Grade with the agent

Once a run completes, the Artifacts panel grows a Grade with agent button (sparkles icon). Click it and Forge opens a chat tab seeded with a kickoff prompt: scenario name, rubric verbatim, full screenshot paths, run-dir location, a one-line console summary, and instructions to grade each rubric item PASS / FAIL with rationale citing visible evidence.

Chat tab "QA grade: example" with the kickoff prompt staged in the textarea, ready to send

Hit Enter. The agent opens each screenshot via its read tool (Codex is multimodal, so the image bytes go directly to the model), reads the console log, then writes the grading text in chat and emits a forge-propose (operation: overwrite) targeting <run-dir>/report.md.

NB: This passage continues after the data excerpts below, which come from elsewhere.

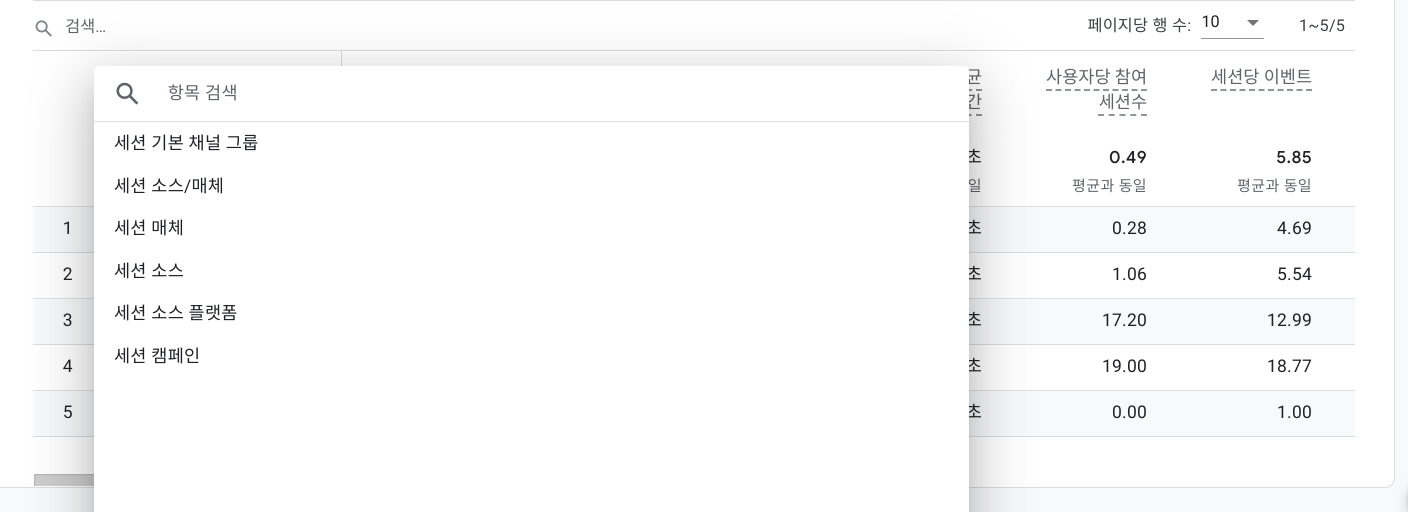 테이블 첫 번째 열에서 측정기준을 선택하여 선택된 기준의 데이터 확인이 가능합니다.
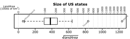 There are other common transformations, for example, the square-root transformation (often used for count data). This may be more appropriate for state areas, if the limiting factor for state size is (e.g.) the distance across the state, or factors associated with it (e.g. the length of time to cross from one side to another). Figure 2.1c shows a sqrt rescaling of the data. You can see that in some sense this is less extreme than the log transformation...
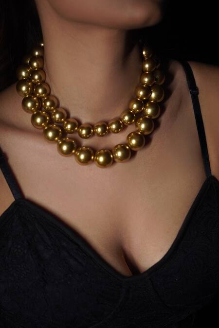 Buy_Rejuvenate Jewels_Gold Plated Two-layered Pearls Statement Necklace_at_Aza_Fashions
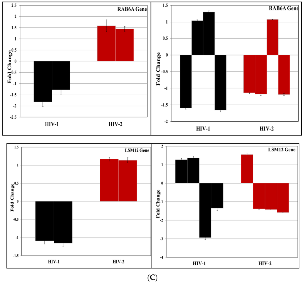 - Devadas, K.; Biswas, S.; Haleyurgirisetty, M.; Wood, O.; Ragupathy, V.; Lee, S.; Hewlett, I. Analysis of host gene expression profile in HIV-1 and HIV-2 infected T-cells. PLoS ONE 2016, 11, e0147421. [Google Scholar] [CrossRef] [PubMed]
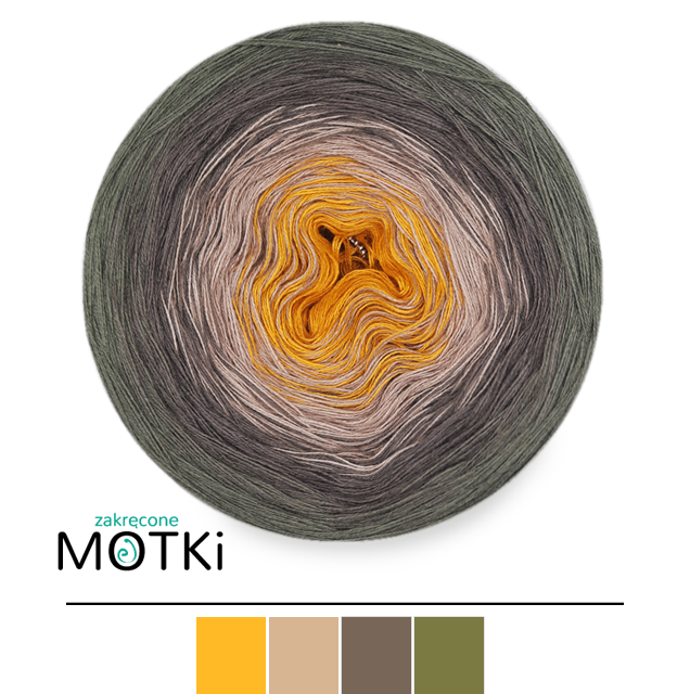 (4) Włóczka Ombre bawełna/akryl B397: kurkuma/ ciemny beż/ szaro-brązowy/ khaki
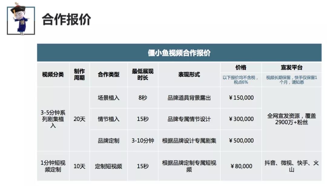 据爱范儿拿到的一份“僵小鱼合作刊例价资料”显示,目前“僵小鱼”抖音账号可以根据品牌需求定制 1 分钟短视,制作周期为 10 天,收费为 8 万。

Agent's grading response with PASS/FAIL per rubric item and Overall verdict, followed by a forge-propose card for report.md with Approve/Reject buttons

Approve the proposal. The QA tab’s Artifacts panel polls report.md every few seconds and renders it inline next to the run progress the moment it lands. No tab flip needed.

QA tab showing the run progress on the left and the agent's report.md rendered inline on the right with Verdict + Rubric Pass/Fail breakdown; chat on the far right shows the approved proposal card

Per-step approval is the loop’s only safety gate. Forge does not auto-approve; even with the runtime set up the user always reviews the report before it lands on disk.

Where things live on disk

<project>/.forge/qa/
  example.toml                    # scenario source
  baselines/
    example/
      01-loaded.png               # accepted-as-baseline snapshots
      02-after-space.png
  runs/
    2026-05-04T22-58-47-example/  # one dir per run, sortable by name
      01-loaded.png               # this run's captures
      02-after-space.png
      console.jsonl               # per-line console + page errors
      diff/                       # pixel-diff PNGs (only when drifted)
        01-loaded.png
      report.md                   # agent's grading verdict (after approve)

Run dirs are append-only. Old runs accumulate as a history of how the project looked at each tagged moment — handy when a bug report references a specific build.

What’s coming next

V6.3 ships the web-game playtest harness end-to-end: scenario format, runner, diff, agent grading, report. Native engine playtest (Unity / Godot) is on the V6.x patch list — different capture machinery (engine-side screenshot, automated input injection through the bridge) and a slot of its own.

The autonomous-loop integration is the bigger pull: when Run plan drives a focused chat through a slice, the natural next step is to fire a QA scenario after each accepted edit and pause the loop on a failed grade. The primitives are now in place.